Most Vietnamese National Assembly (NA) deputies have supported modifying the law to give workers the option of a lump-sum social insurance payment one year after their employment ends, instead of their having the fund suspended until their retirement.
According to an internal opinion poll, 87.45 percent of lawmakers agreed that Article 60 of the 2014 Law on Social Insurance should be revised so that laborers can have the option.
The 2014 Law on Social Insurance was approved by the NA in November 2014 to revise the 2006 Law on Social Insurance and is slated to take effect on January 1, 2016.
Pursuant to the article, which amended Article 55 of the 2006 Law on Social Insurance, the scope of employees eligible to receive a lump-sum social insurance allowance when they resign from work is narrowed.
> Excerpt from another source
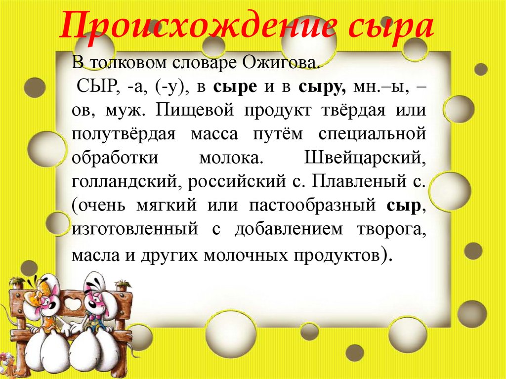 Происхождение сыраВ толковом словаре Ожигова.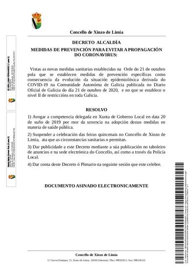 Decreto suspensión feiras

Accordingly, only a limited number of people are entitled to such lump-sum payments, while other resigned employees must wait until they reach their retirement age (60 for men and 55 for women) to get or receive such lump sums.
The above poll result was announced by Nguyen Hanh Phuc, chairman of the NA and head of the secretariat of the ongoing ninth session of the 13th term.
The poll was conducted after the NA failed to reach unanimity on two options raised for discussion at their meeting on May 27.
One of the options was that laborers take a lump-sum social insurance payment upon their resignation, and the other option was for laborers to continue paying insurance premiums – voluntarily or through their new employers – and receive their social insurance payment upon retiring.
At the end of the meeting, the NA’s deputy chairman, Uong Chu Luu, suggested a poll, and on June 4, 470 ballots were given to deputies.
All the ballots were returned, and 411 of them agreed to give workers the option of a lump-sum social insurance payment one year after their employment ends.
Based on this result, the NA Standing Committee has directed concerned agencies to draft a resolution on “implementing the policy to pay workers a lump-sum social insurance payment one year after their resignation,” as stated in Item c, Clause 1, Article 55 of the 2006 Law on Insurance.
This article has been amended by the above Article 60 (of the 2014 Law on Insurance) that has recently faced strong responses from people, especially workers in several plants in Ho Chi Minh City and neighboring Binh Duong Province.
On March 26, tens of thousands of workers at Pou Yuen Vietnam Co. Ltd., a Taiwanese-invested maker of sport shoes and garments for export in Binh Tan District, Ho Chi Minh City, went on strike to protest the article.
The strikers agreed to resume work on April 2 after competent agencies promised to consider their aspirations.
These workers argued that they likely could not continue to work until they retire, so if they quit their job in the near future they would have to wait for a long time to get such payment.
Some workers said they might quit their current job and start a business on their own in the future, so they wanted to get lump sums upon resignation as capital for their new career.
Most strikers requested that the law give them the right to decide on either taking a lump-sum social insurance allowance or accumulating their periods of payment of social insurance in order to receive a pension when they retire.